Оська присел на корточки. Урчали под палубой двигатели – на холостом ходу. Волна была заметнее, чем во время плавания на “Маринке”. Пологая зыбь медленно поднимала корму, держала ее несколько секунд, уходила к носу, и корма мягко опускалась. Контейнеры еле слышно поскрипывали.
Боцман оглянулся. Но Оська, укрывался во тьме, съежился, вцепился в трос, притянувший контейнер к палубе. Трос чуть заметно вздрагивал (или это сам Оська?).
Боцман шагнул дальше.
Один контейнер стоял отдельно, позади всех, прикасаясь к другим лишь торцом. За ним была пустая палуба.
Правду говорили, что “Согласие” переделано в сухогруз из большого траулера. На палубе был виден слип – такой пологий и широкий спуск, по которому сбрасывают в море громадные сети – тралы.
Боцман у бортового ограждения нагнулся над кнехтом – двойной швартовой тумбой с перекладиной. Завозился… Что он делает?
Оська вытянул шею и… услышал голоса. Очень глухие, с неразборчивыми словами. Будто… из другого пространства.
Но нет, не из чужого пространства были голоса. Из отдельного контейнера. Оська понял это, когда услышал стук. Изнутри кто-то бил кулаком!
Громадный дощатый ящик с железными скобами был камерой!
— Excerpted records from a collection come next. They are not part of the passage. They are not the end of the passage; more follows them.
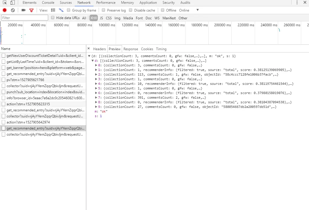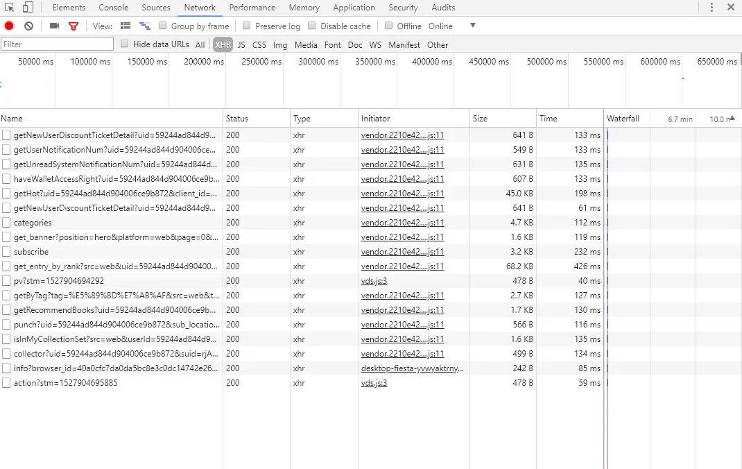 然后选择XHR,为什么选xhr不做过多的解析google、百度即可,这是ajax的一种方法,选择xhr后数据量会小很多
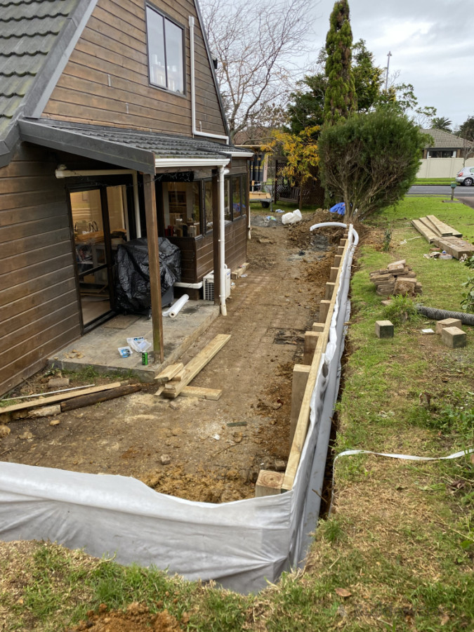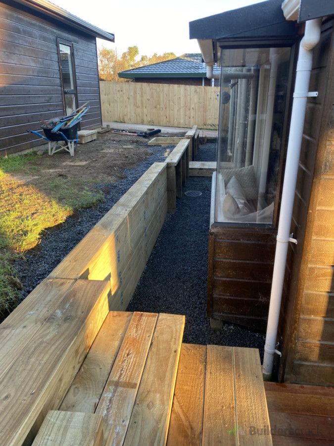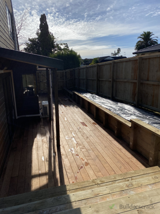 Replace retaining wall (30m), build Kwila deck (40m2) and replace fence
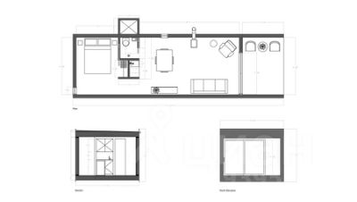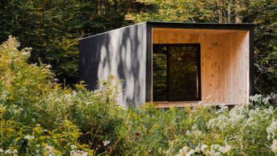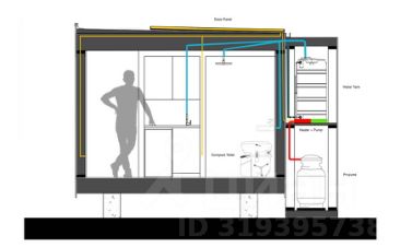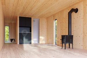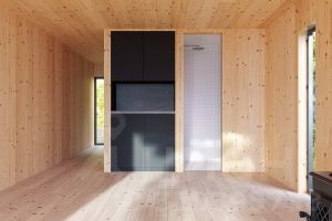Ванная комната и кладовая отделяет общественную зону от компактной спальни. Дом спроектирован для автономного проживания. Система сбора дождевой воды и дровяная печь — это те особенности, которые снижают зависимость от коммунальных услуг. В конструкции также есть солнечные панели, которые помогают вырабатывать энергию и нагревать воду. Данный проект был продуман для полного погружения в окружающую среду и проведения большей части времени на природе.

А боцман разматывал с кнехта тяжелый трос. Тот, что охватывал контейнер и не давал ему отделиться от остальных!
Не будет троса – и при первом же сильном качке контейнер скользнет к слипу. И еще, еще… Сколько качков надо, чтобы контейнер подъехал к слипу и плавно ушел в море? Сколько минут?
Заорать? Кинуться в рубку? А если он не успеет?
Оська, забыв про осторожность, не сидел уже, а стоял. И не сразу понял, что белые квадраты юнмаринки светятся в темноте. А когда понял – поздно! Боцман летел к нему в длинном тренированом прыжке.
– А… – и твердая, как дерево, ладонь захлопнула Оськин рот.
– Ты откуда, поскрёбыш?.. А! Ты – с ними! Сявка сыскная. Нам свидетели ни к чему…
Оська забился в боцманских лапах. Толку-то! Комарик в кулаке гориллы…
– Потрепыхайся, рыбочка. Напоследок – оно приятно. Поживи еще чуть-чуть…
– М-м…
– Помычи, теленочек. Как перед ножичком…
Зловещая ласковость палача обволокла Оську ужасом. Не отпуская Оськин рот, боцман прижал невесомого мальчишку к вонючему туловищу.
– Ну-ка, моя птичка… – Тряпичный жгут врезался Оське между губ, между зубов, чуть не разорвал щеки. Видимо, это был скрученный боцманский платок. Он впитал в себя вонь хозяина: запахи табака, мочи, водки, немытого тела… Оська захрипел. Боцман намертво стянул концы платка у него на затылке.
– Теперь давай ручки… Вот так. Хороший мальчик… – Кожаный брючный ремешок стянул Оськины запястья за спиной.
Боцман качнулся в сторону, чем-то скребнул по железной палубе. И холодный металл обнял Оськино горло. Как стальные пальцы.
Оська понял, что это. Такелажная скоба. Вроде той, которая на Цепи помешала Норику, только поменьше – как раз, чтобы плотно охватить мальчишкину шею.
Боцман поднес Оську к контейнеру, прижал затылком к доскам, сунул в скобу винтовой нагель. Задергал пальцами – закручивал, гад! И не просто закручивал, а просунул нагель еще в одну скобу – в плоскую, привинченную к контейнеру.
Оськина шея оказалась прикованной к железной полосе. Причем так, что голова была скручена набок, как у птенца со свернутой шеей. Ноги едва доставали до палубы, и он стоял на пальчиках…
– Гуд бай, рыбка. Жаль, нет времени посмотреть на твой последний танец.
Это был выродок. Оська слышал про таких. Про тех, кому чужие муки слаще всякой радости. Он читал, как такие сволочи в Саида-Харе связывали по двое пленных ребятишек и сталкивали в пропасть. Как заливали им в горло мазут…
Боцман похлопал Оську по перекошенной щеке и ушел.
Вот и всё…
Что Оська мог? Только колотить пяткой в контейнер. Заколотил. В ответ послышался стук. Голоса… Не разобрать. Какая разница? Они все равно не помогут. Да и колотить долго было нельзя. Приходилось стоять на пальцах одной ноги, а это больно…
И шею больно. И стянутые руки…
А может, его найдут?
Не успеют… Опять медленно, длинно качнуло, и контейнер проехал еще полметра к слипу. Оська, двигаясь с ним, затанцевал на пальчиках, как балерина, чтобы не оторвало голову. Сколько это еще будет длиться? Минуту? Две?..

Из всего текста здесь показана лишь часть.